[Start of Attachment]

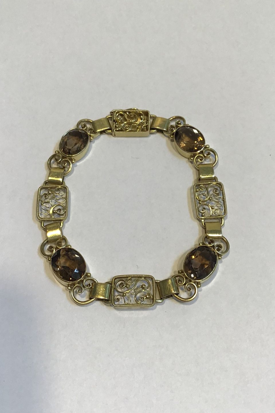 Just Andersen 14K Guld Armlænke med Røgfarvet Topas Måler L 18.5 cm Vægt 17.2 gr.
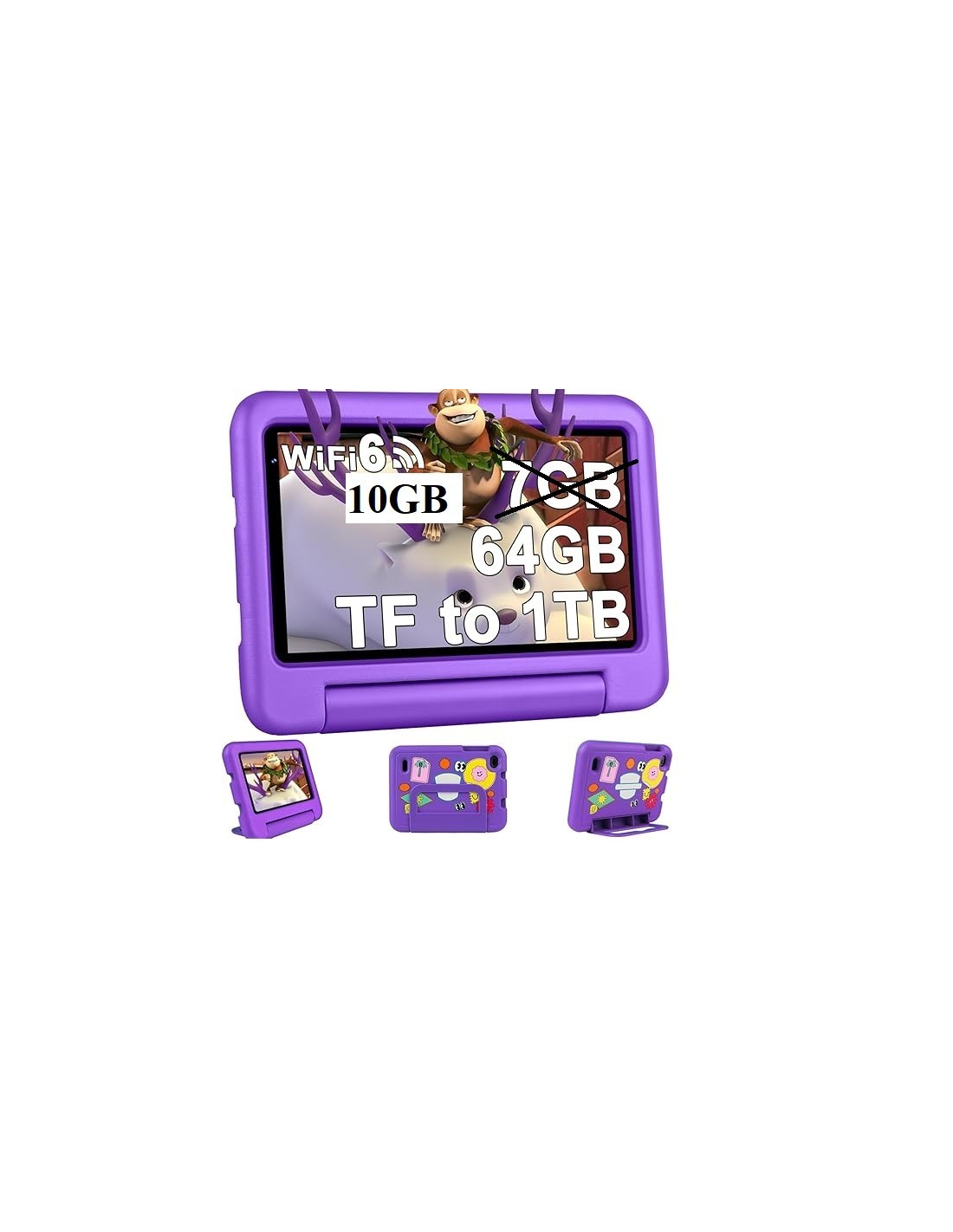 DEERTIME E10 Tablet 7" Android 13 10GB RAM (4GB+6GB)+64GB ROM con custodia Viola
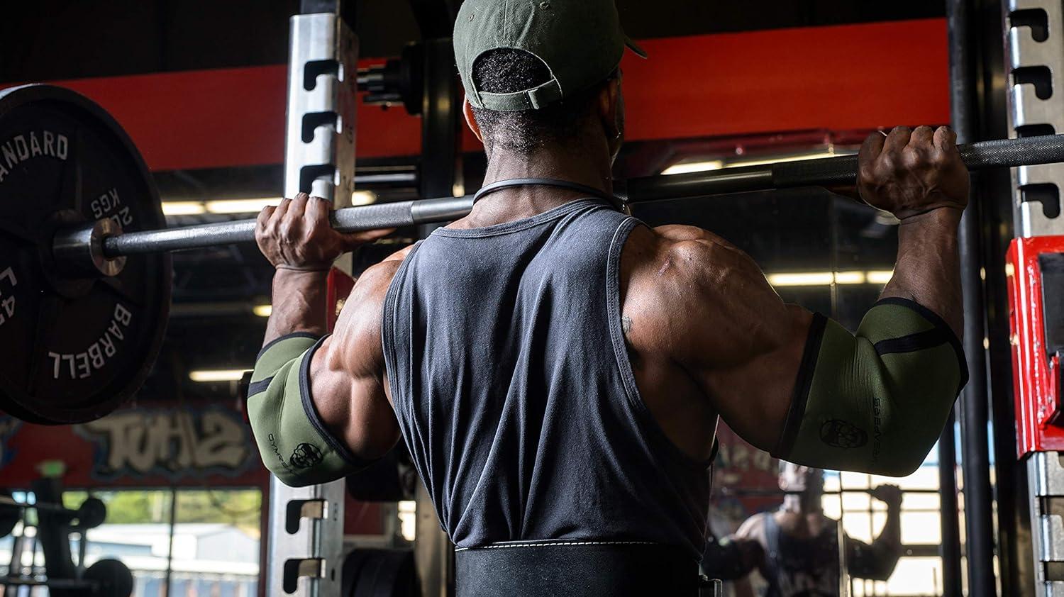 Gymreapers Elbow Sleeves for Weightlifting Powerlifting and Bench Press Support and Compression for Tendonitis Pain Relief 5mm Neoprene Training Gear for Men and Women(Military Green/Black)

[End of Attachment]

| Exercise directions |
Before copying the material, set its pictures aside; then transcribe it word for word.

| Expected answer |
 Just Andersen 14K Guld Armlænke med Røgfarvet Topas Måler L 18.5 cm Vægt 17.2 gr.
 DEERTIME E10 Tablet 7" Android 13 10GB RAM (4GB+6GB)+64GB ROM con custodia Viola
 Gymreapers Elbow Sleeves for Weightlifting Powerlifting and Bench Press Support and Compression for Tendonitis Pain Relief 5mm Neoprene Training Gear for Men and Women(Military Green/Black)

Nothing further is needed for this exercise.